▸ Data excerpts
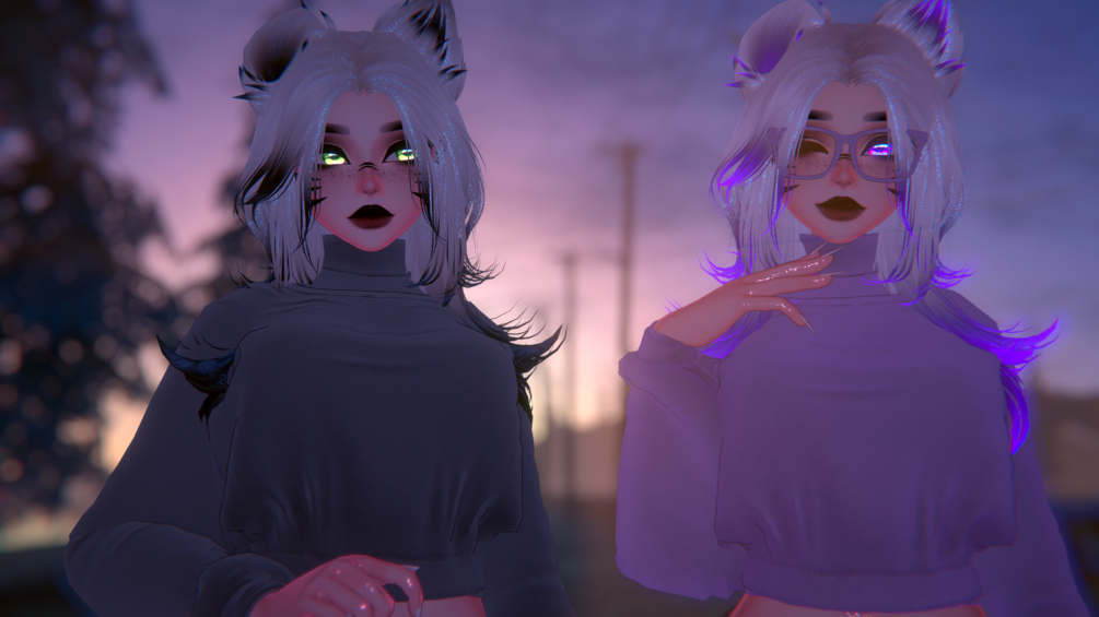 | Body by Pandaabear#9873 (EDITED BY ME, NO REUSE) | Head/Head Textures by DUCC#0008 (EDITED BY ME, NO REUSE) | Main Body Texture by Ying#6669 (EDITED BY ME, NO REUSE) | Hair Textures by Cicieaaa#7777 | Fluff's ToolBox | VRCFury Tool | GoGoLoco by Franada | Hair by @NESSY! | Jeans by JinxieWinks | Converse by Plaz | Sweater by Petty Store | Turtleneck by Yan/Mutt | Ears by Ares | Tail by Cupkake | Glasses by Salted |
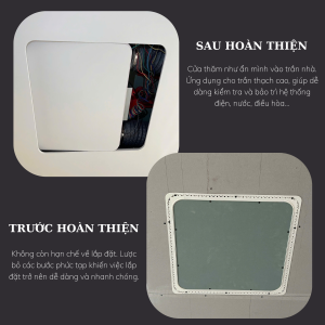 Cửa thăm GMIV được đăng ký sáng chế và bảo hộ kiểu dáng công nghiệp, có thể tùy chỉnh kích thước theo yêu cầu, giao hàng nhanh chỉ trong 4 giờ. Với sản lượng 1.500 sản phẩm/ngày và bảo hành chính hãng 2 năm, GMIV tự tin mang đến giải pháp cửa thăm trần thạch cao cao cấp, bền đẹp và tiện dụng.
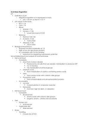 Lecture and Tutorial Content - Weeks 1-13 Easy to follow and divided by topic :) Also lots of pictures Topics - Acid Base Regulation - Disturbances of Acid Base Balance - Short Term Regulation of Blood Pressure - Long Term Control of Blood Pressure - Hypertension - Exercise: Muscle Metabolism - Exercise: The Cardiovascular System under stress - Endocrinology: How hormones control cell function - Potassium Homeostasis - Stress hormones - Obesity Epidemic and Energy Balance - Homeostatic Control of Energy Balance - Hedonic Eating - Genetics and Body Weight - Protein and Energy Balance - Human Microbiota in the Anthropocene - Addiction and Substance Abuse
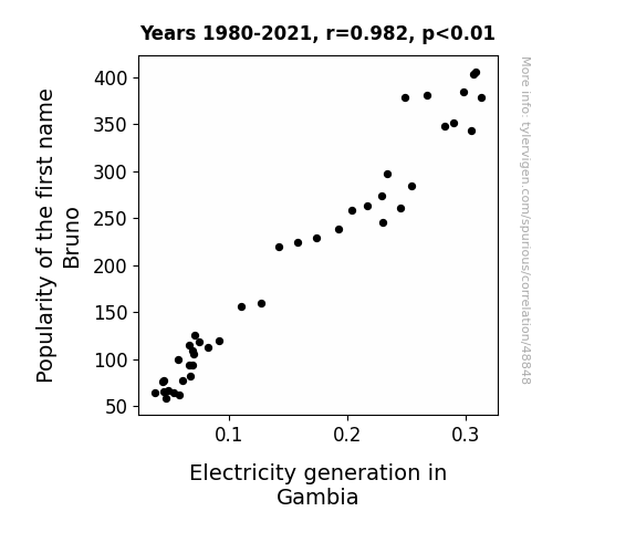 This means 96.5% of the change in the one variable (i.e., Electricity generation in Gambia) is predictable based on the change in the other (i.e., Popularity of the first name Bruno) over the 42 years from 1980 through 2021.
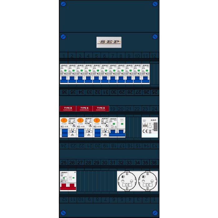 SEP FS groepenkast, hoofdschakelaar 2p/40A, 3x aardlekschakelaar 2p/40A/30mA (Type B), 11x installatieautomaat 1p+n/B16, 1x installatieautomaat 2p+2n/B16, beltrafo, tweevoudige contactdoos (1 fase)
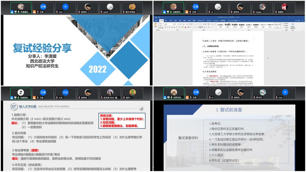 为进一步帮助学院2018级考研学子了解考研复试信息,掌握考研复试技巧,明确复试备战方向,天游线路测速登录中心、知识产权学院于3月12日-13日举办线上考研复试经验分享会。本次分享会特邀洪晓明、李潇媛、刘梦洋、杜佳璐、刘婉婷五位学院2017级暨2021届毕业生分享考研复试经验与心得。
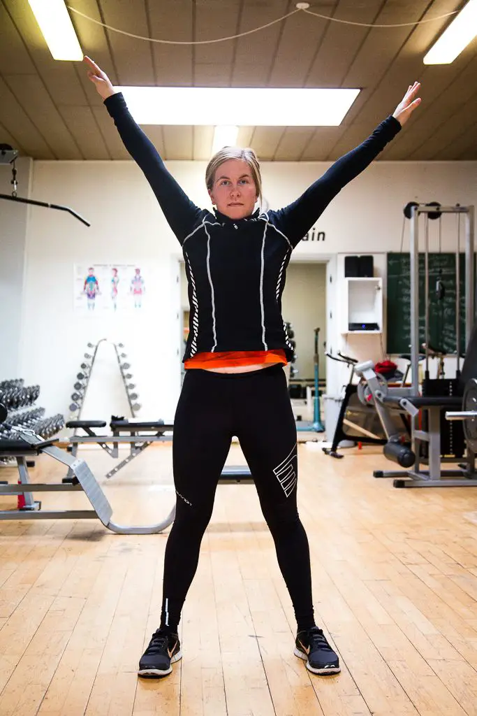 Gå ned i en dyb squat. Saml albuerne og hænderne foran kroppen. Når du rejser dig op lader du armene søge opad, mens du holder albuerne så tæt sammen som muligt og slutter med en stor cirkel med armene.
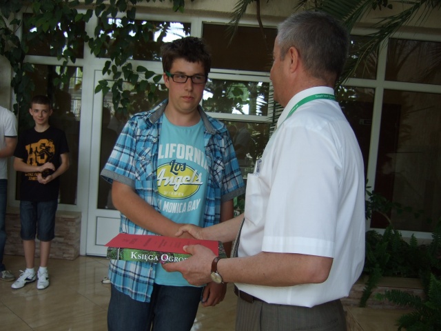 Wręczenie nagród miało miejsce w sali botanicznej, gdzie Piotr otrzymał zestaw narzędzi ogrodniczych, książki, oczywiście o tematyce ogrodniczej oraz sadzonki kaktusa.
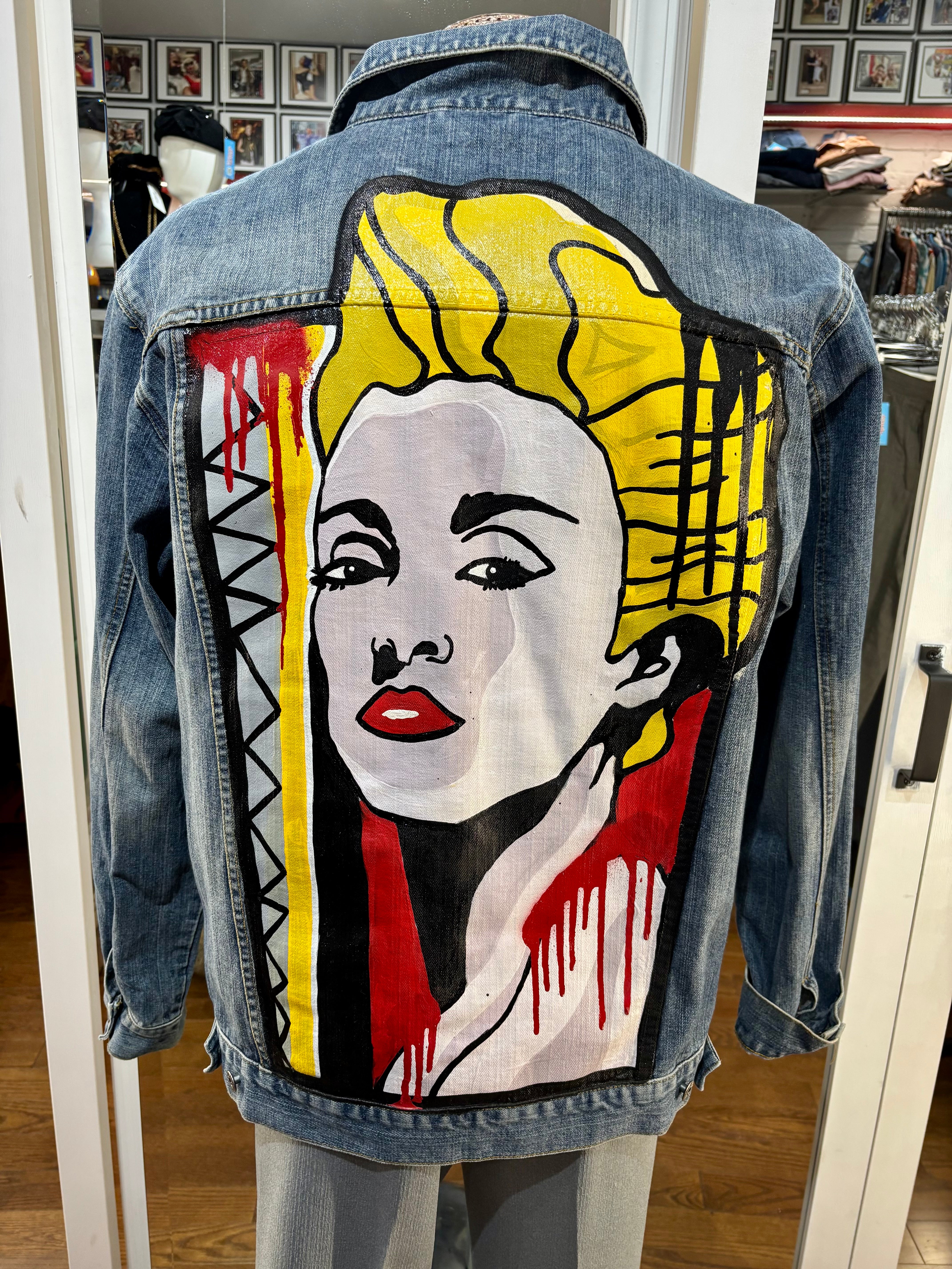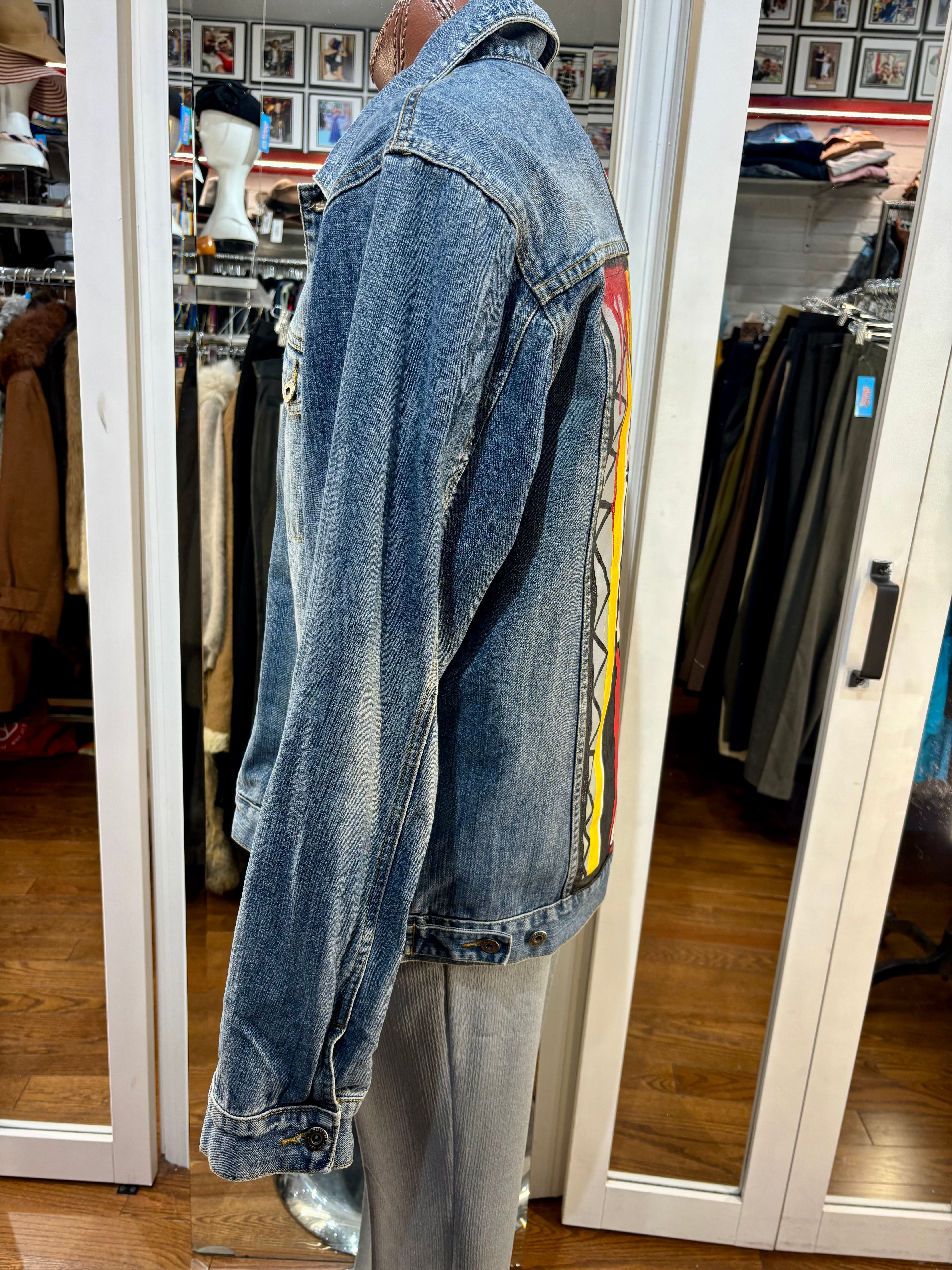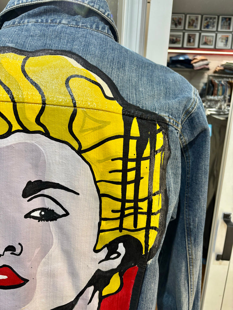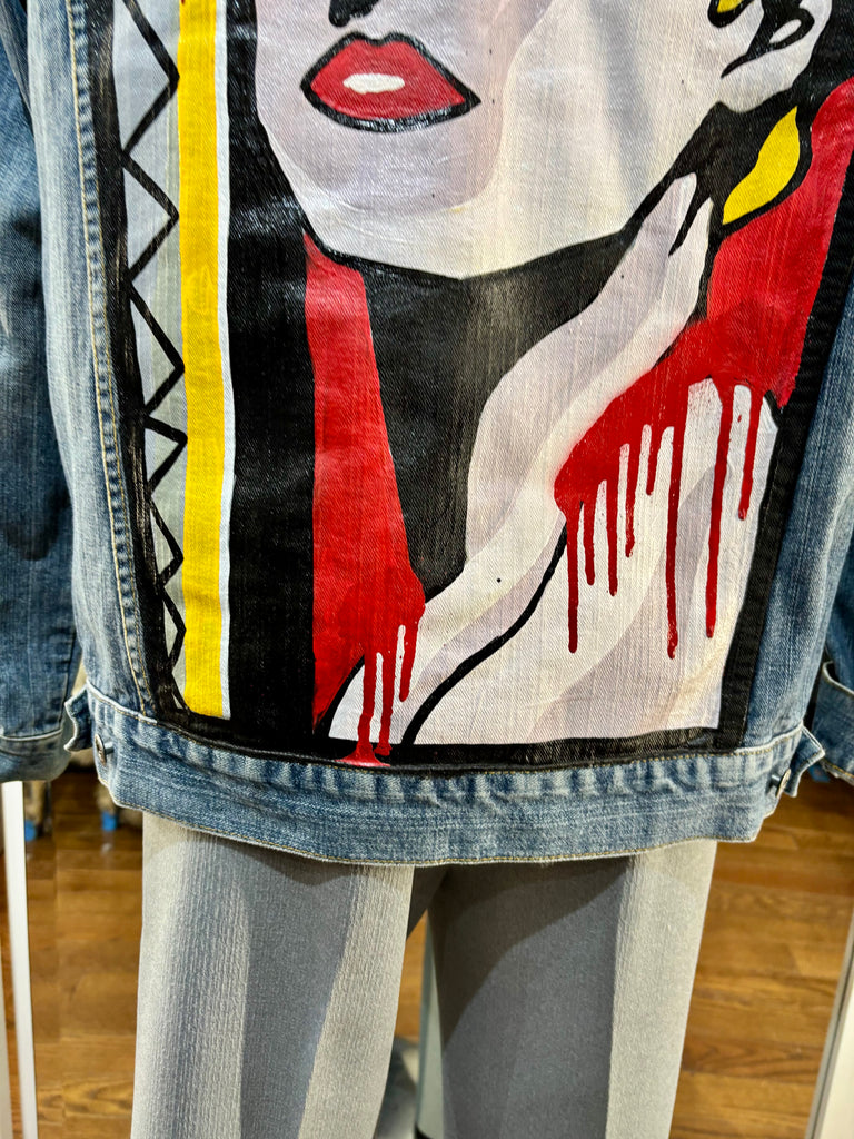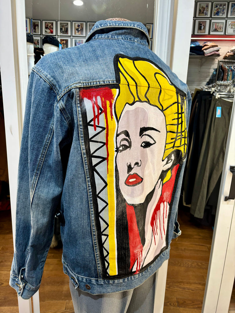 00’s Blue Custom Italian Hand Painted Denim Jacket inspired By Madonna
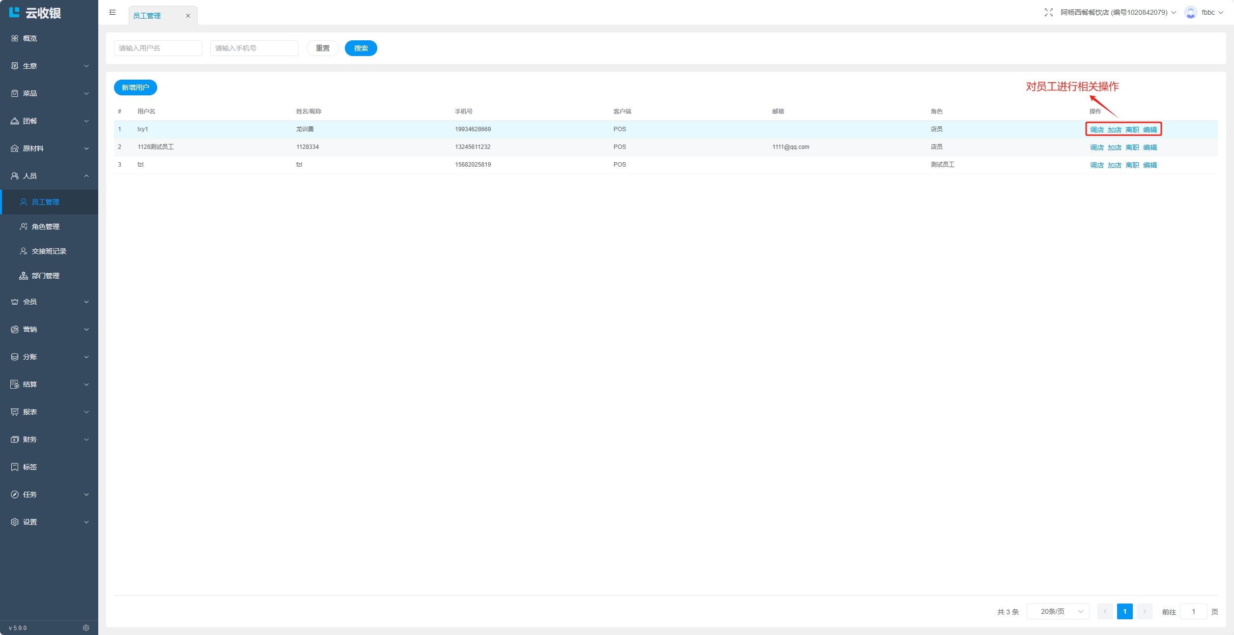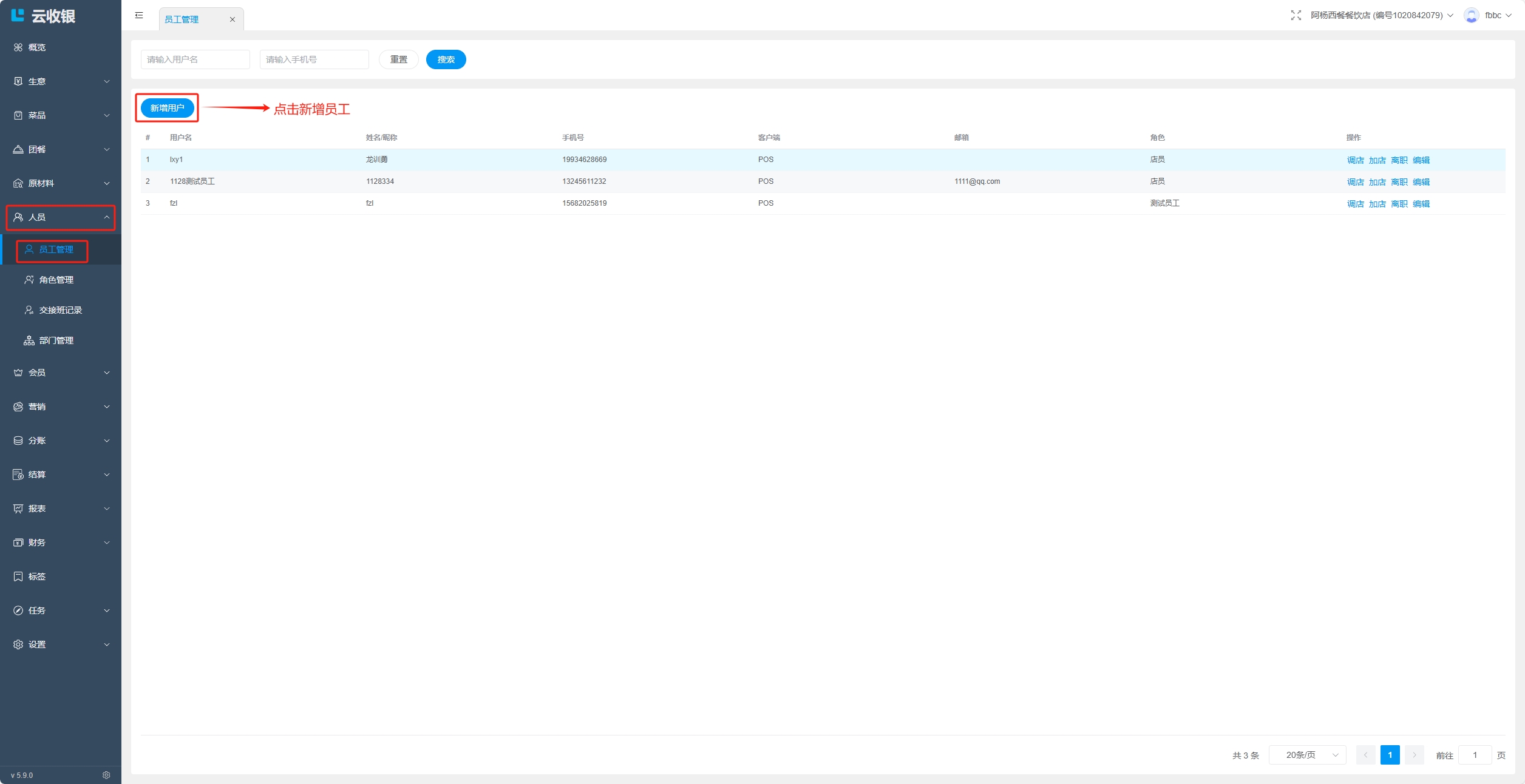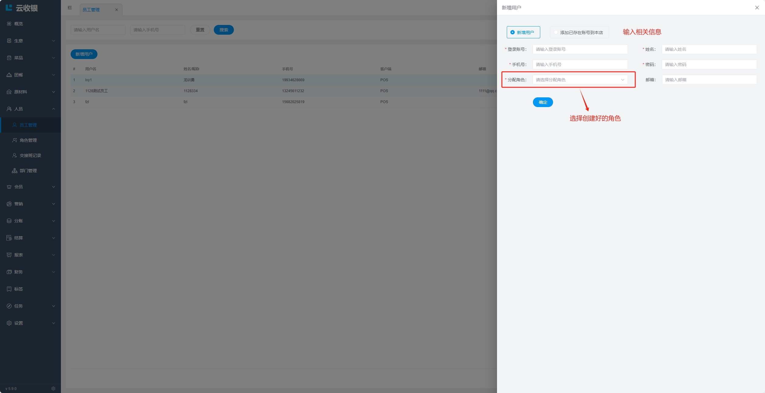 创建员工账号,指定员工角色,如果提示手机号已经注册过,则选择添加已存在账号到门店;

▸ Task to carry out
Begin at the line with "00’s Blue Custom" and retype exactly every line through the last one of the entries above, both included, and nothing more; pictures stay out.

▸ Expected answer
 00’s Blue Custom Italian Hand Painted Denim Jacket inspired By Madonna
 创建员工账号,指定员工角色,如果提示手机号已经注册过,则选择添加已存在账号到门店;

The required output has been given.